I disagree with Bob on the use of such weapons for self defense against human predators. I respect Bob a great deal for many reasons including his long experience in wild nature. However, my own experience includes living for about twelve years in neighborhoods that other white people typically fear and growing up around violent people. I lost that fear of neighborhoods the same way Bob lost his fear of wild places: by living there. I now see those neighborhoods as much less threatening than do those only see them on the TV news.

What struck me as I read Bob’s posting was that every one of his reasons not to carry firearms for defense against wild animals applies just as well to dangerous people, regardless of location. The ease of carrying, ease and speed of operation, and the issue of wounded animals (or people) becoming more dangerous apply to all situations. I’ll add another issue with humans. Bear spray, mace, or tasers are more easily hidden than any pistol large enough to do damage. The act of carrying any firearm, openly or supposedly concealed, can be construed by the distorted mind of a human predator as a threat. That predator then becomes more likely to act to neutralize the threat. Remember that you do not own the only weapon in any given neighborhood.

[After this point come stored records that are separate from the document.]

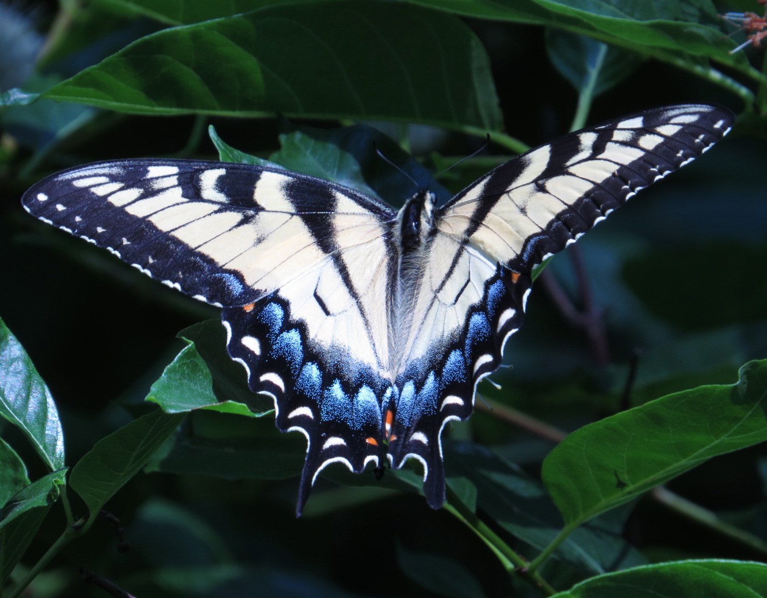 But, actually, it’s the larva of the Eastern Tiger Swallowtail (Papilio glaucus), that gloriously large yellow and black butterfly. Early instars, or stages, of this caterpillar look like bird droppings (that old camouflage trick!); middle ones are vivid lime green, with the false eye spots; the last before pupation will look like this. Tuliptree, magnolia, and black cherry are among the food plants for this species; this was next to a Tuliptree (Liriodendron tulipifera), which is an unusual street tree here. Like all caterpillars, it is a machine for eating, powering up for the biochemical alchemy of metamorphosis.
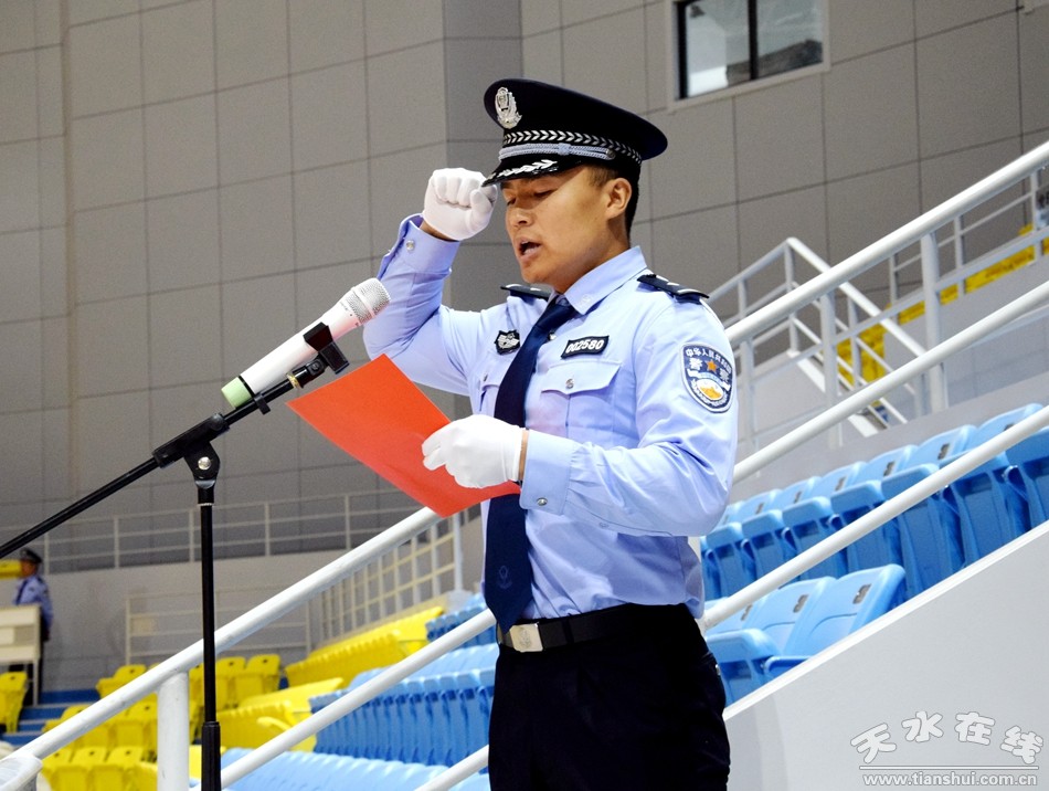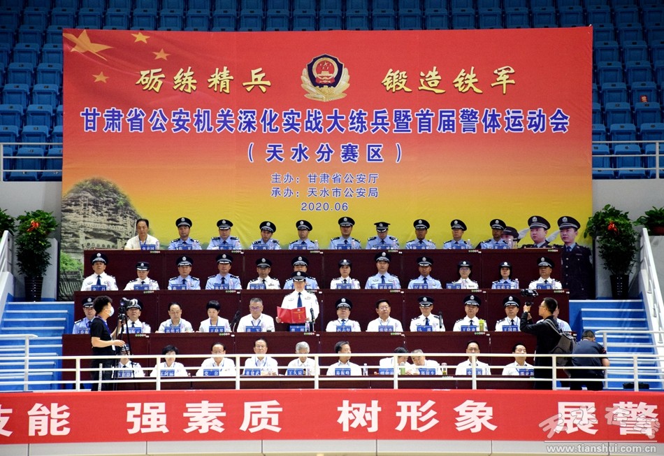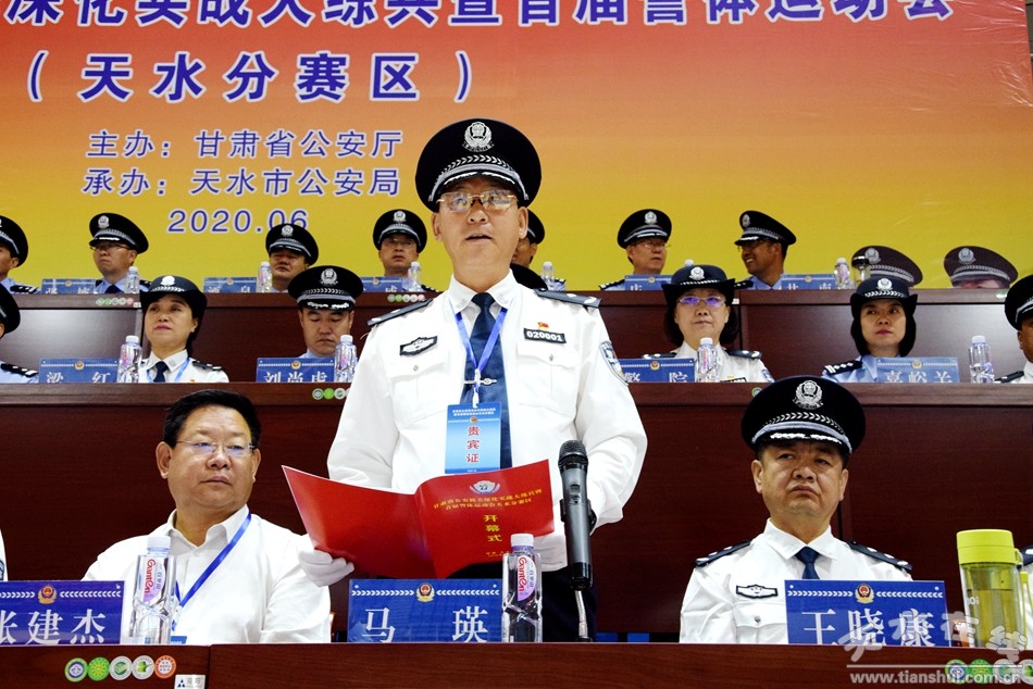 6月28日,甘肅省公安機關(guān)深化實戰(zhàn)大練兵暨首屆警體運動會天水分賽區(qū)開幕式在天水市體育中心舉行。省公安廳黨委委員、政治部主任曹明,天水市委常委、政法委書記蒲軍,市委常委、宣傳部部長張建杰,市人大常委會副主任王曉琴,市政協(xié)副主席郭明興出席開幕式。副市長、市公安局局長馬瑛主持開幕式。
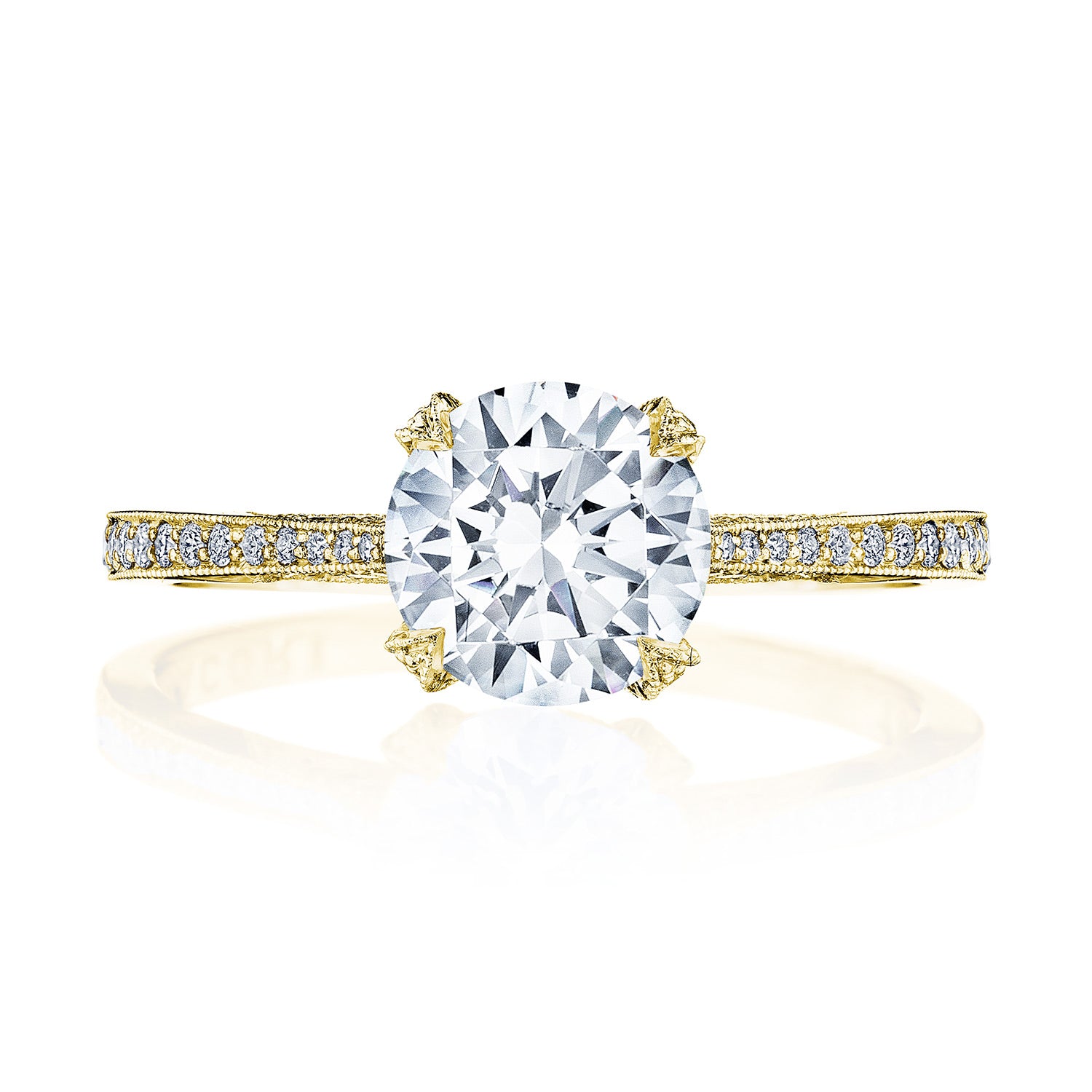 Delicate details and a dainty Cathedral foundation. This Simply Tacori solitaire features a high shine pavé diamond ceiling and round brilliant cut center.

Someone mentioned another point in the comments. A bear that has encountered bear spray will be less prone to attacking another person. If that bear is killed and then replaced by another bear, the second bear does not know to fear humans. The same applies to people. If a dangerous person knows from experience that any person, no matter how harmless in appearance, can bring him intense pain and suffering accompanied by humiliation in the eyes of his peers, that is a deterrent. Based on my own experience, I believe it’s a better deterrent than the threat of death. Those predators are mostly addicts, and many of them would welcome death. Pain and humiliation are another matter.

In short, Bob Wells has great experience and intelligence in the wilderness. Pay attention to his know-how with regard to four-legged predators. I have enough experience in places with dangerous humans (almost anywhere, realistically) to make a credible statement that Bob’s ideas apply there as well.